In my opinion, they are not. We are using C++ not because it is "safe",
but because it is fast and flexible. When I am ready to pay the
"safety" toll in performance, I simply use a language that was designed
with that mindset.
> The suggestion to switch to other STL than default one (with
> all the cost that results from that) just because of
> artificial benchmark speed test doesn't sound solid enough
> for me.
In general I agree, but OP is obviously a CS student and arguments like
these are not applicable. Switching between several STL implementations
is a good learning exercise, IMHO.
Now you are implying that using STLPort leads to incorrect code, which
is not true, AFAIK. A library can be fast *and* correct.
>
> FWIW I haven't noticed any problems with MSVC7.1 and
> dinkumware.
Neither have I. Here, we are talking about MSVC8.
First of all, this principle for language itself wasn't
changed. We still get "what we paid for" and only that with
C++ compiler. Second, the Standard Library performs now more
checks by default because surrounding world changes and
imposes new requirements on software development. I agree
with Carl Daniel on that issue, see his comments above in
this thread. Doing another couple of checks is negligible
"waste" of resources for modern computer. However, the ROI
of these checks is high.
The higher importance of stable and secure software is
universally recognized nowadays. That's why library vendors
incorporate more checks. These improvements are rather
accepted by developing community than rejected. This happens
due to simple fact that price of software failure becomes to
be higher than presence of "redundant" check. Otherwise
industry wouldn't accept this changes in libraries.
Moreover, you can turn checks off at any time, so if you
don't want to pay you're not required to.
>> The suggestion to switch to other STL than default one
>> (with
>> all the cost that results from that) just because of
>> artificial benchmark speed test doesn't sound solid
>> enough
>> for me.
>
> In general I agree, but OP is obviously a CS student and
> arguments like
> these are not applicable. Switching between several STL
> implementations
> is a good learning exercise, IMHO.
Agreed.
Alex
Ah yes, the drivers. My other vice ;-)
FIrst of all we need to distinguish between libraries and applications.
For many real life applications, Carl's reasoning makes a lot of sense,
and btw that's the reason many application developers are moving to
"safer" programming languages these days.

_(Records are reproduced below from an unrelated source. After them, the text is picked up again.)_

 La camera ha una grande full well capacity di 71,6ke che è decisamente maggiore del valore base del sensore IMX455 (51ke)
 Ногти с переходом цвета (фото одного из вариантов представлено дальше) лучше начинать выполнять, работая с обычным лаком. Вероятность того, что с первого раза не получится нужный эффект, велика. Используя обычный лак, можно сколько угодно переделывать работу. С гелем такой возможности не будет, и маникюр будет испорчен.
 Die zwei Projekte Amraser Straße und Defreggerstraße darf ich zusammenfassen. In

Libraries in general, and the Standard Library in particular are quite
a different color, though. They need to be both fast and correct.

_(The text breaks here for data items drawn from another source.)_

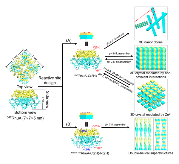 3D纳米带、3D蛋白质晶体和双螺旋蛋白质超结构形成的示意图。(A)设计H47RhuA-C(2H) 变体,在非共价相互作用的介导下自组装形成3D纳米带和两种类型3D晶体结构;(B)设计H47/H157RhuA-C(2H)-N(2H) 变体,在非共价相互作用介导下自组装形成双螺旋3D超结构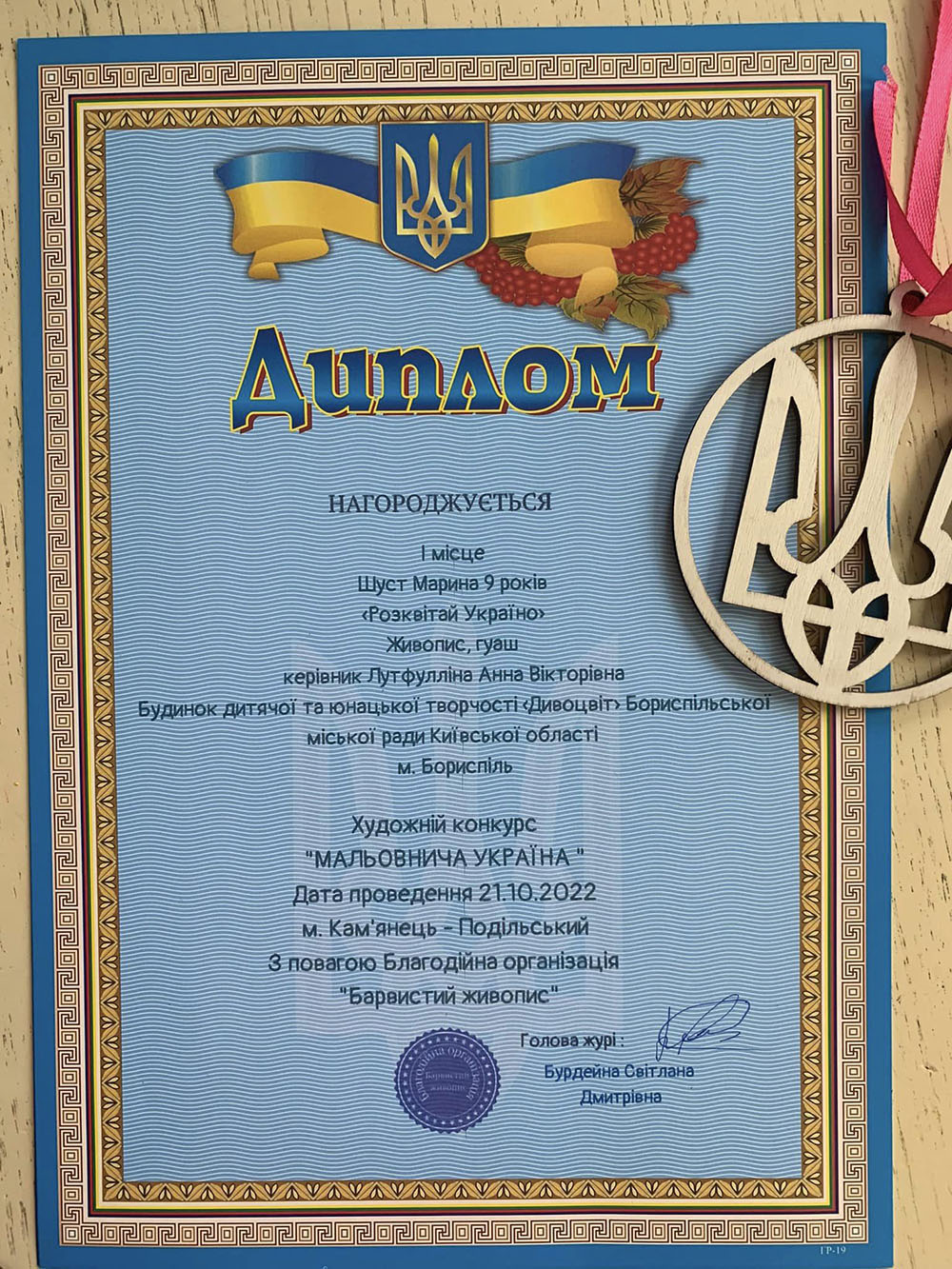 Зразкова студія образотворчої діяльності «Райдуга» вітає дівчат з перемогою в онлайн конкурсі «Мальовнича Україна»: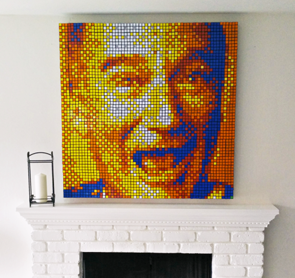 Robin Williams passed away on August 11th, 2014 and on that same day someone contacted Pete about donating a large amount of used Rubik's Cubes. He grew up watching Williams' films and had the idea to build a mosaic to auction off for charity.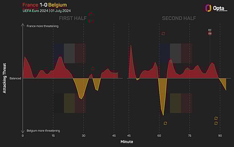 Kevin De Bruyne and Romelu Lukaku went close at the other end, but in truth, Belgium did not carve out many clear-cut chances.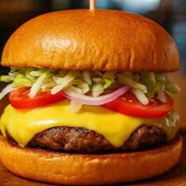 Pão brioche, Maionese da casa,um Burger de Wagyu com 165g, American cheese, alface, tomate, cebola roxa e picles.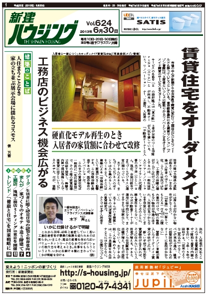 東京都豊島区にある賃貸マンション「メゾン青樹」は、入居者といっしょに間取りからリノベーションするオーダーメイド賃貸のサービスを開始しました。新建ハウジング6月30日号1面は、新築持ち家市場が中古流通や賃貸住宅にシフトするなかでの、工務店のビジネスチャンスをまとめています。そのほかの主な記事は次のとおり。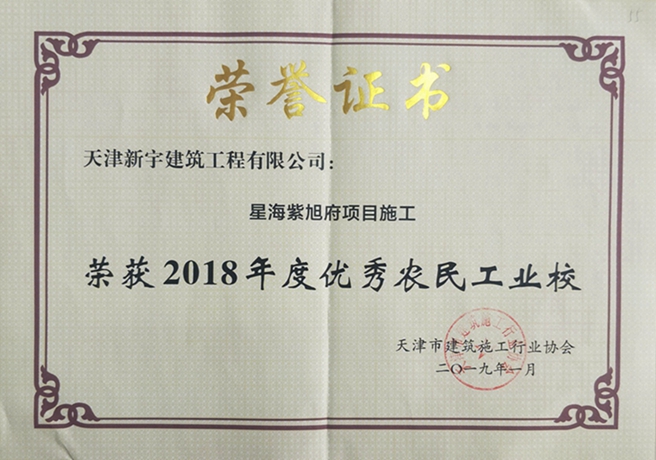 星海紫旭府项目施工荣获2018年度优秀农民工业校

*Another couple of checks* that result in operations being slower by a
magnitude is not acceptable - at least not in Release mode.
I totally agree with that. That's why I made clear
distinction between the language itself (which didn't change
in that respect) and accompanying library (which is more
flexible in accommodating to changing reality).

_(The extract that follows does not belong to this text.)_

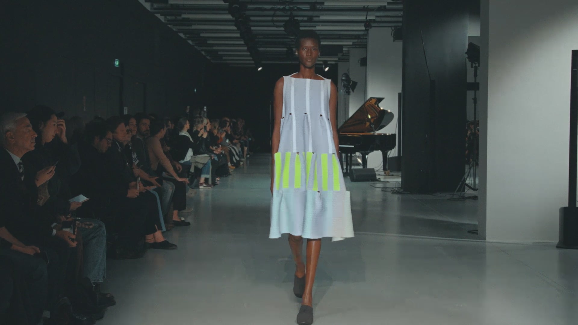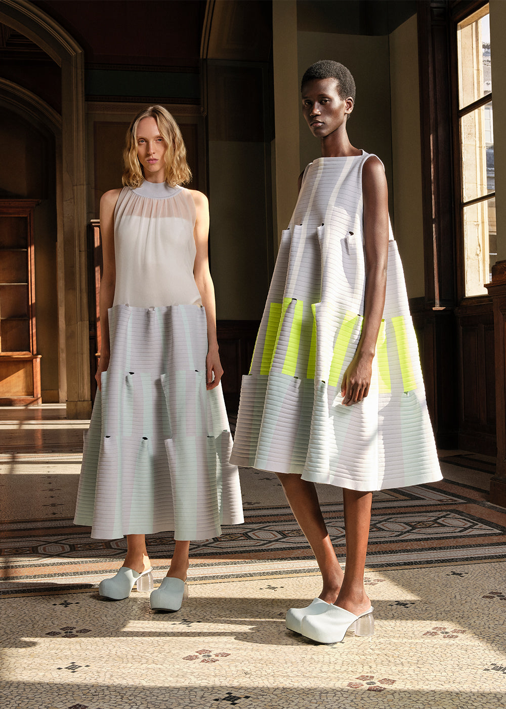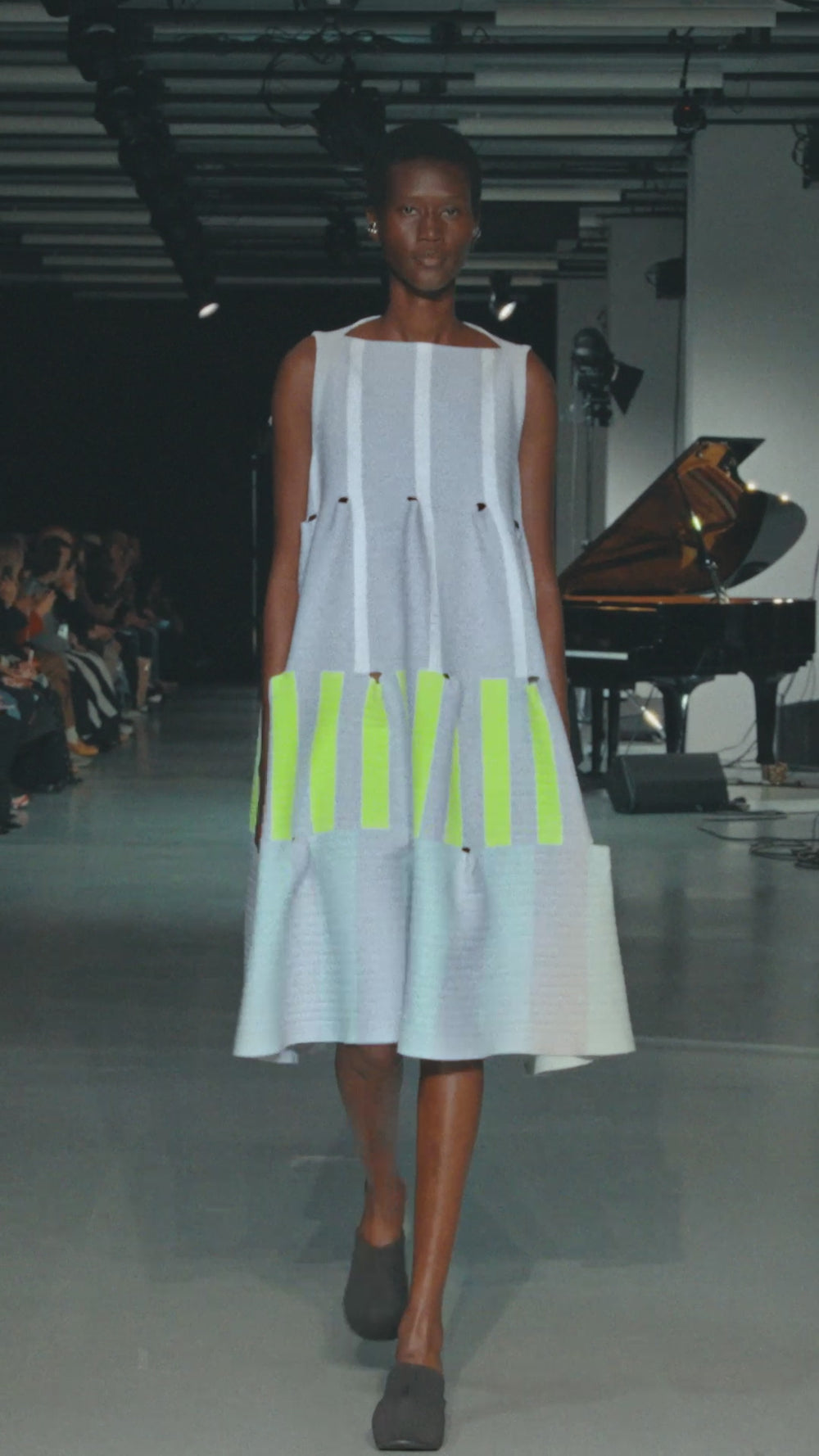 TERRACED LUCENT SLEEVELESS DRESS

> Libraries in general, and the Standard Library in
> particular are quite
> a different color, though. They need to be both fast and
> correct.
> *Another couple of checks* that result in operations being
> slower by a
> magnitude is not acceptable - at least not in Release
> mode.
The fact that the most widely used Standard Library
implementation decided to enable checked iterators by
default speaks for itself. It appears that for overwhelming
majority of customers these checks are either desirable or
satisfactory enough to keep them enabled. Such decisions
aren't made out of mischievous spirit but reflect industry's
demand. You compare current iterator performance to old one
as if it's some kind of standard. However, it is not. Such
argument is akin to oppositon to C++ expressed by some C die
hards because virtual function call "holds back performance"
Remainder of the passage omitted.